Giving Antibiotic Cycling Another Shot – Switching up the drugs used to treat bacterial infections could help clinicians battle both illness and resistance at the same time.

Investigator(s)

The Scientist

By Tracy Vence | September 25, 2013

Employing a treatment framework in which clinicians administer different drugs in strategic succession could both treat bacterial infections and select against the development of resistance, Technical University of Denmark’s Lejla Imamovic and Morten Sommer argue today (September 25) in Science Translational Medicine. This new framework, which the researchers call collateral sensitivity cycling, could also help curb unnecessary antibiotic use, which is known to contribute to the emergence of drug-resistant superbugs.

The idea of alternating antibiotics to both beat bacterial infections and outsmart pathogens on the path to acquiring resistance has circulated in the minds of microbiologists for decades, but clinical data to date have been unconvincing.

“Cycling—or rotating antibiotics—has been a hope for a number of years,” said Robert Weinstein of Rush University in Chicago, who was not involved in the work. The hope is to effectively “confuse the bacteria by changing the class of antibiotics you use every month,” he explained. “So they’re turning . . . to see which direction the antibiotic is coming from, and you hit them in the back of the head when they’re not looking.”

“The thought behind traditional drug cycling is that if you alternate between drugs, you alternate between selection pressures, so if you don’t have the selection pressure for resistance, then resistance will disappear,” Sommer told The Scientist. “That is true in some cases,” he said, though in others, “the fitness cost of maintaining resistance to drugs can be very low in the absence of drug selection.” And that could be part of the reason for mixed clinical results, Sommer said. “This type of traditional drug cycling has at times been shown to be advantageous, and other times shown to have no effect at all.”

For the present study, Imamovic and Sommer analyzed both wild-type Escherichia coli and strains evolved in the laboratory to be resistant to 23 commonly used antibiotics. They performed dose-response experiments to determine the susceptibility of each isolate to a variety of compounds. The researchers then treated those strains with pairs of drugs in a cyclical fashion, such that as the bacteria began to develop resistance to drug A—as measured by the amount of drug it took to inhibit bacterial growth—the team quickly switched to drug B. Later, as the bacteria began to develop resistance to drug B, the researchers applied drug A once more. The work identified several such sets of antibiotics for which such cycling successfully killed the bacteria without allowing resistance to take hold.

Interestingly, the researchers found that drugs belonging to a specific class do not always induce the same effects among the bacteria. As such, the researchers noted that the specific drugs E. coli is exposed to may play a role in determining its sensitivity profile.

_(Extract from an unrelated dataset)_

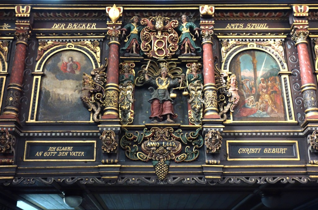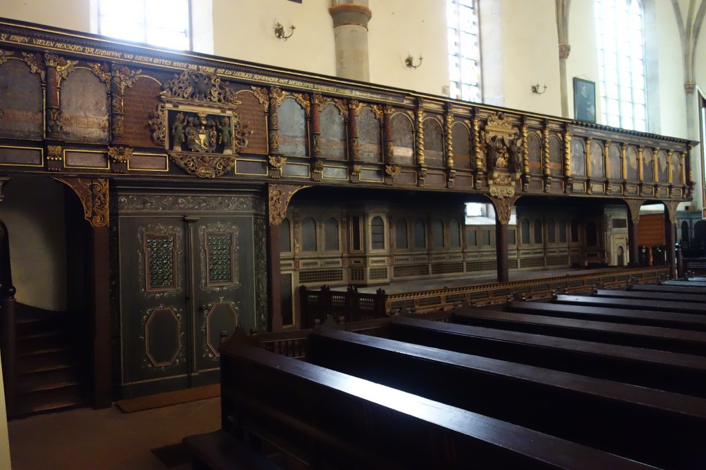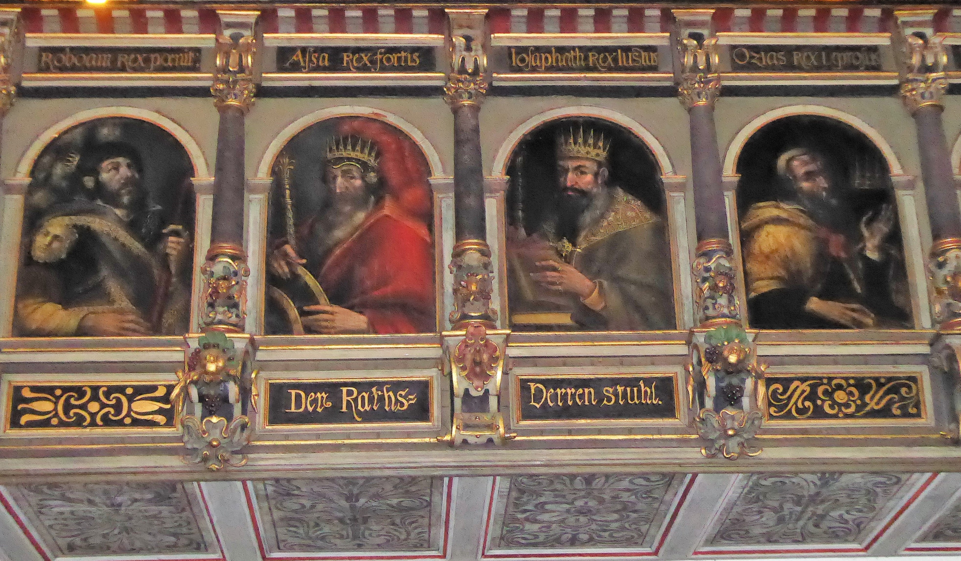 Den Ratsherren als Führungsspitze der Stadt wurde ein besonders exponierter Platz für ihre Teilnahme am Gottesdienst eingeräumt. Im Westen, direkt über dem Mittelgang bot sich ihnen der unverstellte Blick auf den Altar und die Kanzel. Sicher wurden nicht zufällig Könige des alten Testaments als Thema für die Gemälde der Brüstung gewählt.

The study “is an in-depth analysis of resistance linkages and susceptibilities,” said Weinstein. “It’s an important topic because . . . development of antimicrobial drugs is expensive and time-consuming, and there aren’t very many in the pipeline, so other ways to control resistance are very important.”

Still, even if cycling were to improve treatment outcomes, some scientists wonder whether switching up antibiotics can actually help stave off drug resistance in the clinic, or if doing so might contribute to a bigger problem.

“If the cycling results in an overall reduction in antibiotic usage, resistance rates can go down,” Brad Spellberg, who investigates infectious diseases and drug-resistant pathogens at LA BioMed in Torrance, California, told The Scientist in an e-mail. “But if the cycling results in a reduction in usage of a specific antibiotic as it is replaced by another antibiotic, all that is achieved is replacement of resistance for one drug with another.” Plus, he added, “as soon as the drug that is stopped cycles back on, the resistance comes right back,” as evidenced by previous clinical data.

Spellburg is not convinced that in vitro test results are enough to support clinical use of collateral sensitivity cycling at this point. Sommer, too, noted that extensive validation studies are needed. “We want to find out how we can test this in a setting that is more clinically relevant.”

Sommer added that coming to understand the mechanisms that govern collateral sensitivity will be key. It’s important, he said, to figure out what makes certain bacteria highly sensitive to some drugs while particularly resistant to others.

“Some would say that instead of cycling, maybe we should use [fewer] drugs,” said Weinstein. When it comes to the evolution of drug resistance, he added, “the practical implication may be that the bugs are smarter than we are.”

L. Imamovic, M.O.A. Sommer, “Use of collateral sensitivity networks to design drug cycling protocols that avoid resistance development,” Science Translational Medicine, doi: 10.1126/scitranslmed.3006609, 2013.